在楼下买水果时和大娘唠了几句家常,大娘认出他来,非要硬塞给他两个橘子,他推辞不过,只好笑着揣进袋子里,才上了楼。
门楣上“春风化雨”四个字筋骨挺拔、墨色犹新,是赵老师一贯的笔迹。
陆小川立在门前,欣赏了会儿对联字迹,才抬手敲响房门。
“外卖吗?”
轻快的声音混着踢踢踏踏的拖鞋声由远及近。门后面突然探出个脑袋,林荫不敢置信地眨了两下眼睛:“小……小川哥?!”
陆小川故意板着脸逗她道:“怎么这表情?不欢迎我?’”
话落,他转身欲走。
“哎哎哎……”林荫急忙拉住他
陆小川回头,眉头一挑,等她挽留。
结果林荫只是把他手里大包小包的东西接了过去,无情挥手道:“行了行了,走吧走吧。”
陆小川顿时哭笑不得:“你这姑娘……”
“谁啊?”轻咳两声后,赵琴温和的声音从客厅里传来。
“小川哥。”林荫大声回道。
话音刚落,赵琴已经快步走到门口,她看着陆小川,眼角笑出了细纹:“还真是小川回来了!”

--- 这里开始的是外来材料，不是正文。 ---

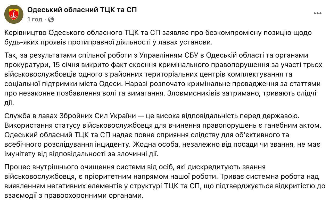 В Одессе трое людоловов и "общественный помощник ТЦК", похитили гражданского и возили в бусе по городу требуя $6000 выкупа, чтобы не доставлять его в ТЦК, — прокуратура. По сообщениям жителей такое сейчас происходит во всех более менее крупных городах. И даже в этом случае одесситы считают что это просто показуха после заявлений Федорова о том что теперь будет новый подход к отлову "добровольцев".
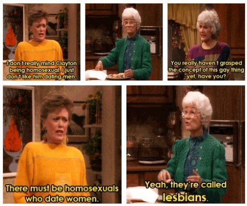 Premier lien pas bien frais en contenu mais tellement bon, avec les Golden Girls, série télé fétiche de mon enfance (merci Alex Taylor sur Continentales) dont les répliques étaient souvent hilarantes. Voilà un extrait (en gif animé sur le tumblr lié ci-après) [via Anceps] très gay-friendly (comme la série) et représentatif de l’humour qui y était distillé. #gay #humour #sérieTV #années80
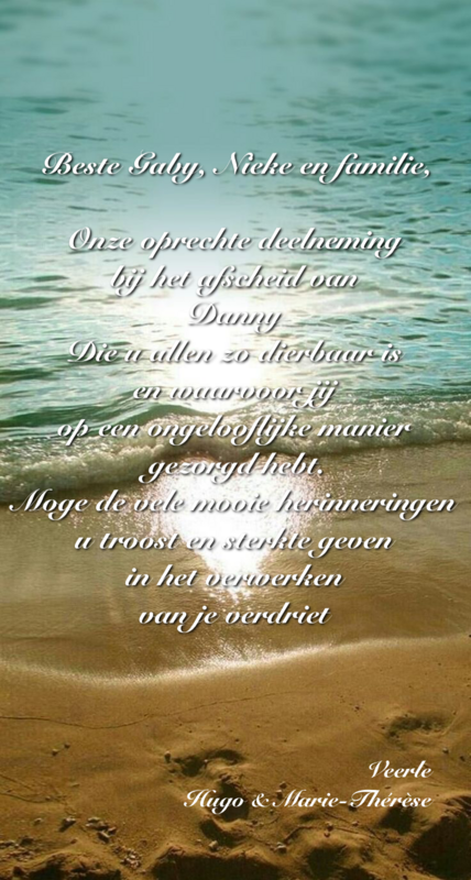 Onze oprechte christelijke deelneming bij het overlijden van jullie dierbare... onze Danny.

“这不想您了吗。”陆小川也笑笑,走过去,拥着赵琴的肩朝屋内走去,“听莹莹说,你这段时间老咳嗽,我买了点儿梨和银耳,晚上给您炖雪梨百合银耳羹喝。”
“我就是感冒了,没什么大事,倒是你好不容易回来一趟,别给累跑了。”赵琴拍拍他的手,将他带到沙发坐下,“这些事啊,让莹莹来就行。”

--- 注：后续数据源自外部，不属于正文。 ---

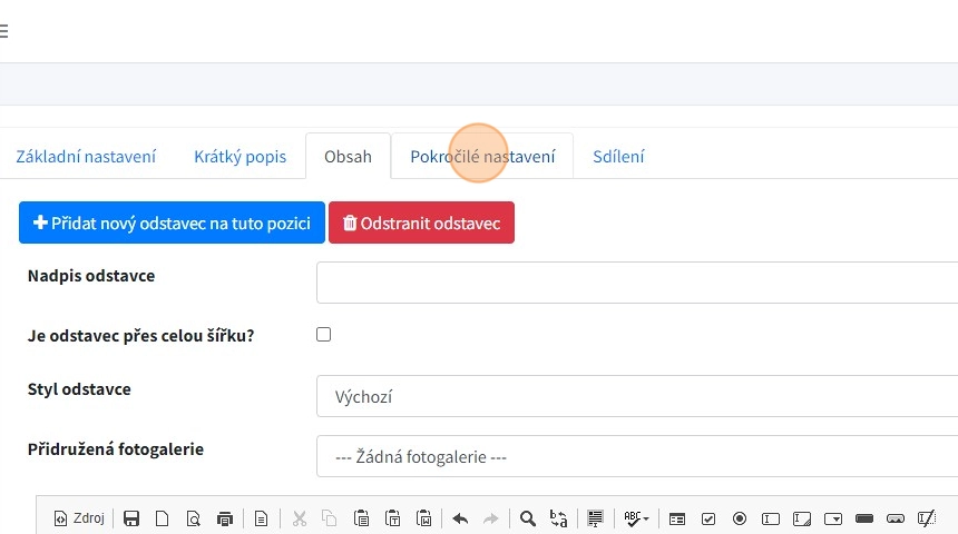 11. Tlačítkem "Přidat nový odstavec na tuto pozici" - lze vytvářet bloky obsahu (odstavce), do kterých poté přidáváme obsah článku.

“哎!”林荫转身去关门,这才注意到门口还有小家伙没进来,疑惑道,“小川哥,这是你养的狗吗?”
陆小川一拍脑门,才想起自己还有条狗,赶紧朝门外喊这:“老6!进来!”
进来个屁!难为你还记得起自己有条狗。
早知道这儿有什么莺莺燕燕,我就不来了,免得受这气!
宋野桥昂着头,执拗地站在门口不肯挪动脚步。
林荫感觉自己可能眼花了,她竟然在有生之年看到一条狗冲她翻白眼!
见老6没有动静,陆小川不得不无奈起身,将他从地上抱了起来。
看他抱狗比抱娃都熟练,林荫不可思议:“小川哥,你不是怕狗吗,怎么……”
陆小川喉结动了动,话到嘴边又咽了回去——难道要他说这是我男朋友的狗?
人类文明浩浩荡荡记载千年,从窈窕淑女到君子好逑,到木石前盟到举案齐眉,男女之情被说得千回百转。可纵使陆小川读了二十多年的书,也寻不出一个恰如其分的说法,向老师解释两个男人如何搞基。

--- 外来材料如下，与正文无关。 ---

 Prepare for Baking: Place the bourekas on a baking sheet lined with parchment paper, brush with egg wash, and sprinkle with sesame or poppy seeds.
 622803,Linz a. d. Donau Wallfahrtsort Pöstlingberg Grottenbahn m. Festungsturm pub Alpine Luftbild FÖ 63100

“试试呗……”他转着手指,不自觉将狗尾巴缠在食指上,浅笑道,“万一真香了呢。”
“那就好……”赵琴倒没林荫那么大惊小怪,只是笑着拍拍他的手,“那就好,我就怕……”
“小川哥!这是什么?”林荫在旁边捣鼓着他带来的一堆礼品问道。
“茶树菇,待会儿我用来煲老鸭汤的。”
林荫点点头,又埋头研究另一堆东西。
“哪有当着人面翻礼物的?”赵琴责怪地说,眼里的笑意却藏不住。
林荫头也不抬地继续研究,理直气壮道:“我哥送的东西,我怎么不能翻了?”
陆小川也没忍住笑了起来。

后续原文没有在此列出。